An Italian female journalist asks her if she has a boyfriend.
“Yes,” says Björk, beaming.
“Who is he ?”
“It’s a secret.”
The day before, Björk had said that she didn’t want to talk about her relationship because “those things are too precious. It will never translate into print”. Love, in the end, is what motivates her. It’s the force running through her work.
“Being creative is basically being sexy. All my boyfriends have been creative, with that thirst for life. It might seem cold and cruel, but if I’m not 100 per cent in love, I’d rather not be with the person. But I think it’s colder and more anti-life to be madly in love with someone for three years and then only 50 per cent for the next seven. I’d rather split up and become friends—that’s more honest, warm and loving. It’s the same with my songs. I can’t do them unless I’m 100 per cent happy.”

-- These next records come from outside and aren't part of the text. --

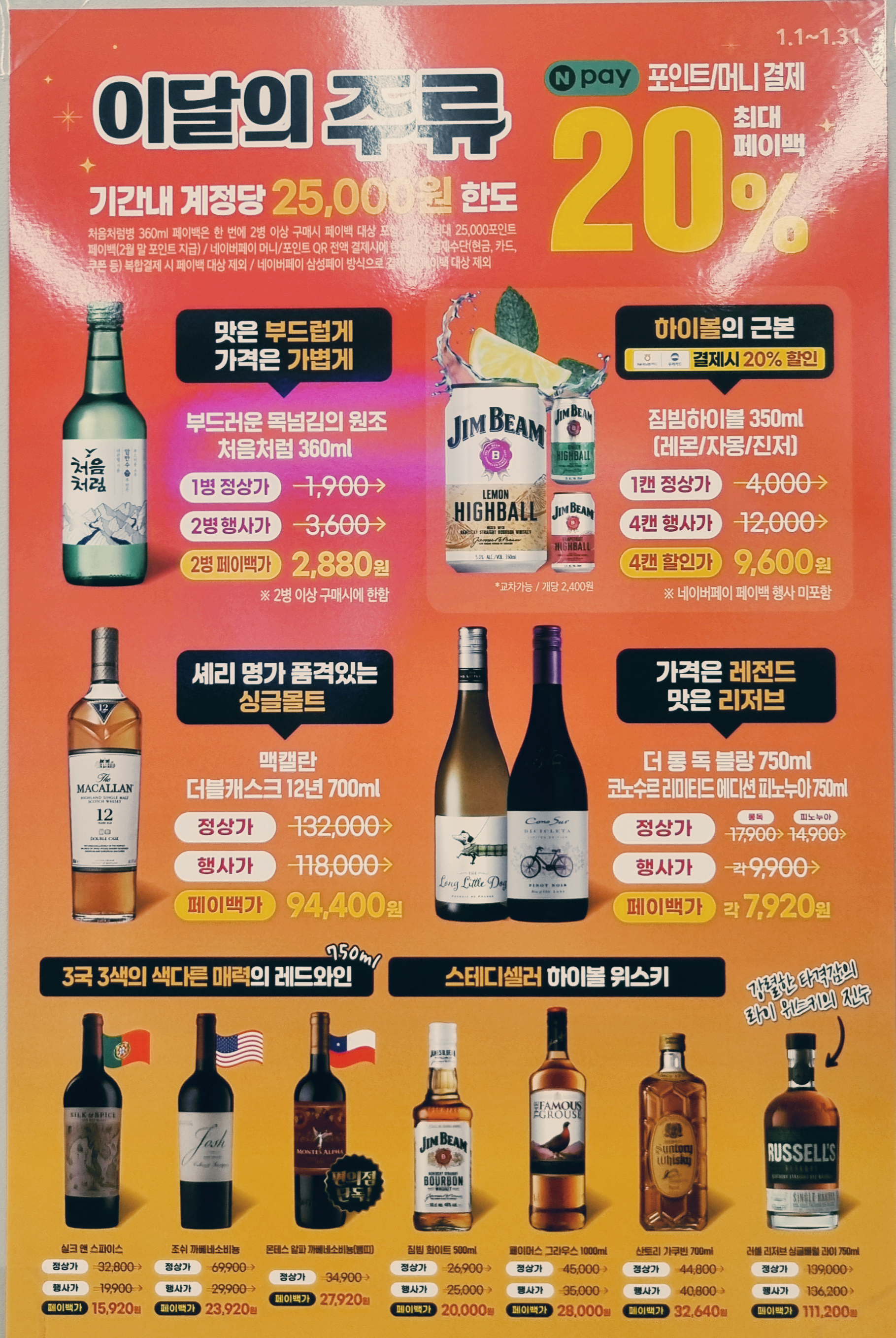 할인 행사하는 주류들을 네이버 머니로 구입하시면 할인 행사가에서 또 20% 할인됩니다.   페이벡이어서 네이버머니로 결제하시면 할인가격으로 결제되시고 20%로 할인되는 금액은 다음 달 네이버로 적립되는 방식입니다.
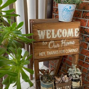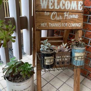 玄関に置いてあるお気に入りの看板プランター(☝︎ ՞ਊ ՞)☝︎ もふもふちゃん達を置いてます。 真ん中のブラウニーちゃんは最近お迎えした子です(〃ω〃)
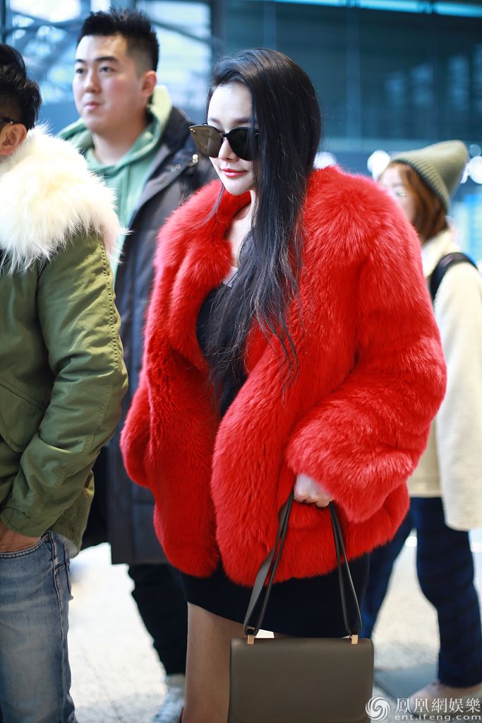 冉莹颖黑超遮面穿红毛绒外套贵气十足。
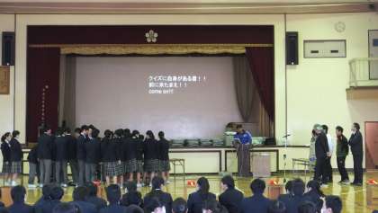 3年生最後の学年集会で『夢の2時間特番渡邉Tプロデュース K’s Cup2時間スペシャル 史上最大の・・・』が開催されました。3年間で何度となく開催された「K’s Cup」。修学旅行の宿泊ホテルでも実施した「K’s Cup」。パワフルな楽しい学年集会です。なんといっても、生徒自身に皆で楽しもうとする気持ちがあり、それが仲間をまた楽しくさせる・・・といったところがこの学年の味のあるところです。最後は生徒対先生。結果は・・・・、もちろん先生たちの勝利です。まだまだ超えられるわけにはいきませぬ。
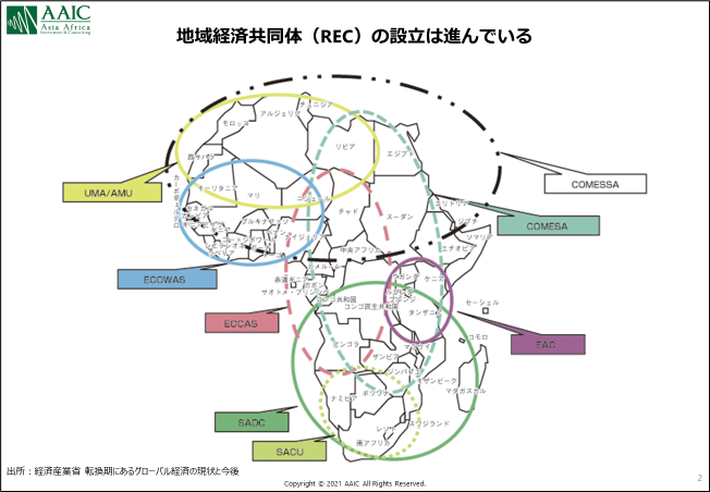ここまでの内容をベースに、冒頭の疑問に対する回答をまとめてみました。 Q「どれくらいの国が既に署名、批准しているの?」 A「20年12月末時点で、54か国が署名、35か国が批准」 Q「本当に加盟国間の関税が撤廃されたの?」「そもそも、本当に運用は始まったの?」 A「現時点では多くの批准国、RECで譲許表の確定に至らず、しばらく時間がかかりそう。21年内にまとまるかどうかは不明。譲許表確定後も関税撤廃までは5~10年の猶予があり、実際にAfCFTA税率での取引が実現するまではまだ時間がかかる」 20年12月31日に日経新聞が「アフリカ自由貿易圏、12億人市場始動 供給網に課題」という記事を発表するなど、本年1月1日に運用開始されたというニュースをいくつか見ました。しかし、実際のところは運用開始まではしばらく時間がかかりそう、というのが結論です。 実際にインパクトを与えるまで時間がかかりそうなAfCFTAですが、中長期的にはアフリカ域内貿易が関税なしで取引される可能性は高く、製造業については多くの商材でアフリカに製造拠点を持っているかどうかが勝負の分かれ目になってくると思います。 トップ画像出所:African Union(https://africa-eu-partnership.org/en/afcfta) 文章:AAIC 星野千秋【AAICからのお知らせ】
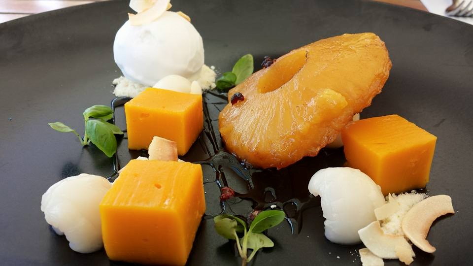 my wife ordered the tipsy cake. according to the server this was the most difficult dessert to make as the pastor chef had to manage the temperature & to add liquor to the brioche at specified intervals. the roasted pineapples was the easy part.
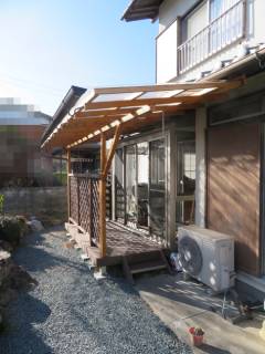 ![]() (樹脂製ウッドデッキ設置、屋根有り) |
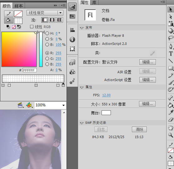 用矩形绘制一个矩形,宽(即为卷轴的宽度),高为舞台的高度(这里我的是400),位置X,Y为(0,0)。然后在第90帧插入关键帧,设置X,Y位置为(舞台宽度550,0)并设置形状补间。
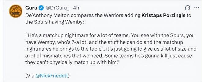 梅尔顿谈到新援珀金:波尔津吉斯是很多球队的对位噩梦,正如马刺队的文班亚马一般,这两人都是7尺多的身高,兼具尺寸与投射,我们会有大量的错位优势,联盟很多球队根本防不住他,这就是纯粹的身体天赋碾压。
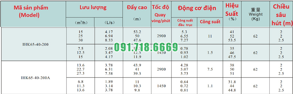 Bảng lưu lượng của máy bơm cánh hở li tâm trục ngang IHK65-40-200 đường thoát 40 mm

She doesn’t subscribe to the view that once a woman gets past 28, all the decent men are gone.
“There’s a new generation of men now who want the whole scale,” she says. “They don’t just want to be macho. It’s completely unfashionable to be macho, I feel sorry for them, frankly. It’s just out. All the women have to be macho these days. I’ve got a lot of macho in me. People might not notice that unless they know me well, but I’ve got a lot of that grrr... motor in me.”
After the conference, Björk does a photo call. Like Marilyn Monroe, she knows how to turn it on, but with a sweet, self-contained knowingness. Björk is the girl who at three years old led her mother across the street, rather than the other way round.
“I don’t get a kick out of controlling others,” she admits. “I’d rather have my own plan.”
In turn, no one can really control her, and that’s the secret of her allure. That, and being determinedly, violently happy.